Decision on whether to buy a home or not depends on a lot of factors and you didn't really provide enough information. If it is mainly an investment decision then I would be cautious right now because the prices have rocketed and returns going forward are unlikely to be as good, particularly considering everything else that is going on.

For mortgages - don't go to the bank. Pick a mortgage broker. You need one anyway, given that you don't understand how the Canadian system works, but they will also ensure that you get a good deal. It's not just the main banks that offer mortgages.


----------



## OhGreatGuru (May 24, 2009)

wisdomlight said:


> .... BTW, I have question about transportation. Will it be necessary to get a car or transportation system is good enough? ....


We couldn't possibly say. It depends on lifestyle choices; where you live in relation to work; and other factors. GTA has the biggest public transit system in Canada, but none of our public transit systems can compare with those of most West European countries.

Where the heck is Ph anyway?


----------



## Spudd (Oct 11, 2011)

wisdomlight said:


> I just read about good auto purchase deals which I think will also be available in Toronto.
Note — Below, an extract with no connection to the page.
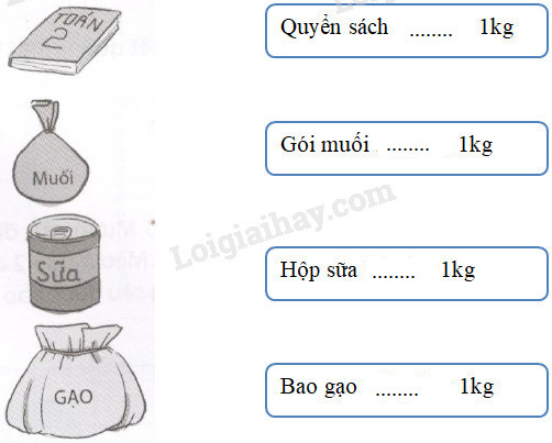 Dùng các từ đã cho để điền vào chỗ trống thích hợp với từng khối lượng của các loại đồ vật.

I strongly suspect this is mis-guided spam. If not, I strongly doubt you will be able to get a loan from a California credit union to buy a car in Toronto. LOL.


----------



## Mukhang pera (Feb 26, 2016)

OhGreatGuru said:


> Where the heck is Ph anyway?


My best guess would be the Philippines, a.k.a Phils., a.k.a. PI (Philippine Islands), a.k.a. RP (Republic of the Philippines).


----------